Первым прыгал Алеша. Не потому, что он был самый смелый, а потому, что он вошел в корзину последним, просто так получилось. Теперь он стоял, держась за бортик, не глядя на Николая.

– Пошел!

Алеша помедлил всего мгновение, а потом, судорожно глотнув воздуху, перепрыгнул низенький порожек и разом исчез, ухнул вниз, как в прорубь.

– Молодец! – Николай встал, подошел к раскрытой дверце.

Корзину сильно раскачивало.

– Пошел!

Николай прыгнул не как следовало – ногами вниз, а как плохой пловец, упал вперед, плюхнулся. животом на тугой, ощутимо движущийся воздух. Он полетел так, ничего не помня, ожидая удара, но тут его дернуло вверх, будто кто-то схватил за шиворот, – это над ним раскрылся белый перкалевый купол.

Ветер был сильный, Николай болтался на стропах, как маятник, но не обращал на это внимания: «У земли затихнет!»

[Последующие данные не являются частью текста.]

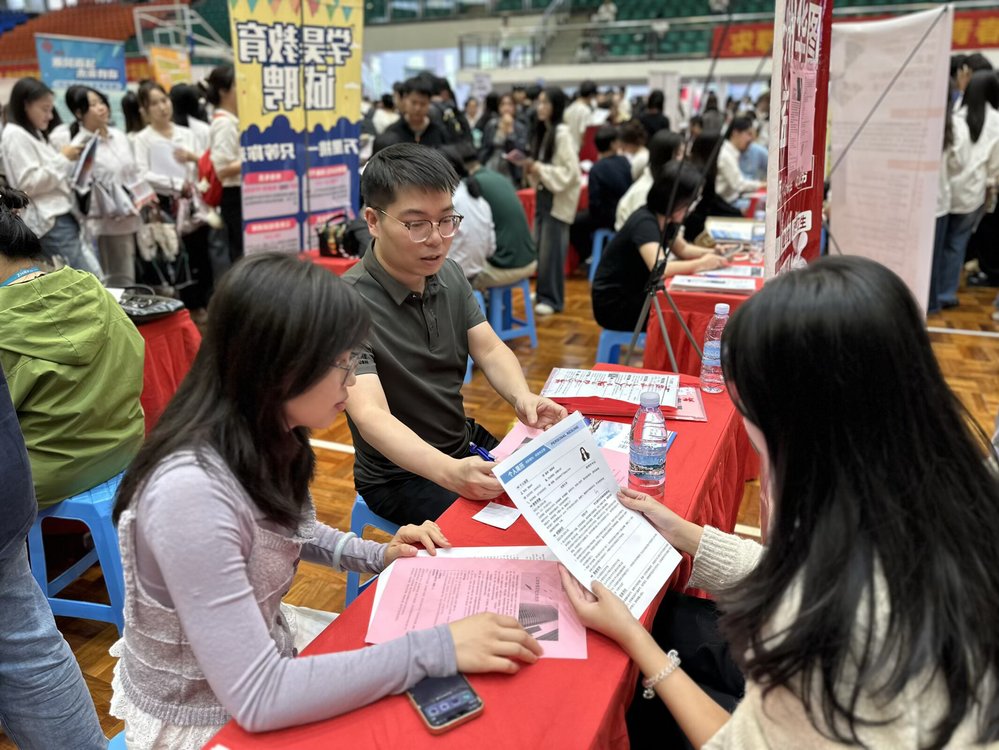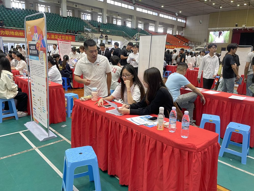 10月29日下午,Beat365唯一官方网站2026届毕业生首场综合性招聘会在仰恩文体中心举行。为帮助人力资源管理系学子加强对《招聘与配置》课程的认识,刘健老师、陈姗姗老师带领2024级本科及2025级专升本学生以课程实践形式全程参与本次活动,学生以招聘助手身份协助企业开展校招,覆盖招聘前中后全流程,在了解企业人力管理情况、员工招聘、简历筛选、初步面试等工作中,深化专业感性认识,进一步了解、熟悉并热爱专业。同时,为今后明确就业方向奠定基础。

Он не видел, как идущий следом Колотилов не захотел прыгать, стал цепляться, как инструктор ловко оторвал от бортика его пальцы, и Колотилов, тихонько вскрикнув, оборвался вниз, и над ним тоже распустился купол: он раскрывался автоматически – принудительное раскрытие.

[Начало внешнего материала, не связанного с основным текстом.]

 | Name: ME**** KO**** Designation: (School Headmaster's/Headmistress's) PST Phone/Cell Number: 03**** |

Николай посмотрел вниз. Ниже его и впереди по движению опускался Алеша.

– Алеша! – крикнул Николай.

– Ага!

– Как дела?

– Порядок!

Еще не один раз ему случится прыгать вот так вслед за Алешей и с удовольствием спрашивать в воздухе: «Как дела?» – и с удовольствием слышать: «Порядок!»

Ветер был сильный, их отнесло километра на полтора, там уже сидели, собрав парашюты, и курили прыгнувшие раньше их ребята.

Занимались много: и прыжки, и матчасть, и длинные, изнурительные «выходы», и стрельбы.

Алеша слегка побаивался стрелять из ПТР, остерегался отдачи. У винтовки и то отдача сильная, а тут такая махина – как даст в плечо. И он срывал спусковой крючок, нажимал не плавно, а резко, ствол сдвигался, все прицеливание шло насмарку.

Командир отделения Карпов заметил это, – Егорычев, крючок срываешь!

– Я не срываю, товарищ гвардии сержант!

– Давай на огневой рубеж!

Алеша лег, прицелился, а потом, невольно зажмурившись, дернул крючок. Послышался сухой щелчок, выстрела не последовало.

– А оно не заряжено, – сказал Карпов, очень довольный своей хитростью. – Теперь сам видишь, что срываешь! Повторить!

Алеша уходил с огневого рубежа, опять возвращался, усталый, мокрый, пока другие отдыхали в тени. Теперь, когда ружье было не заряжено и отдачи быть не могло, он плавно нажимал пальцем на спусковой крючок.

– Плечо, плечо сильней прижимай к прикладу.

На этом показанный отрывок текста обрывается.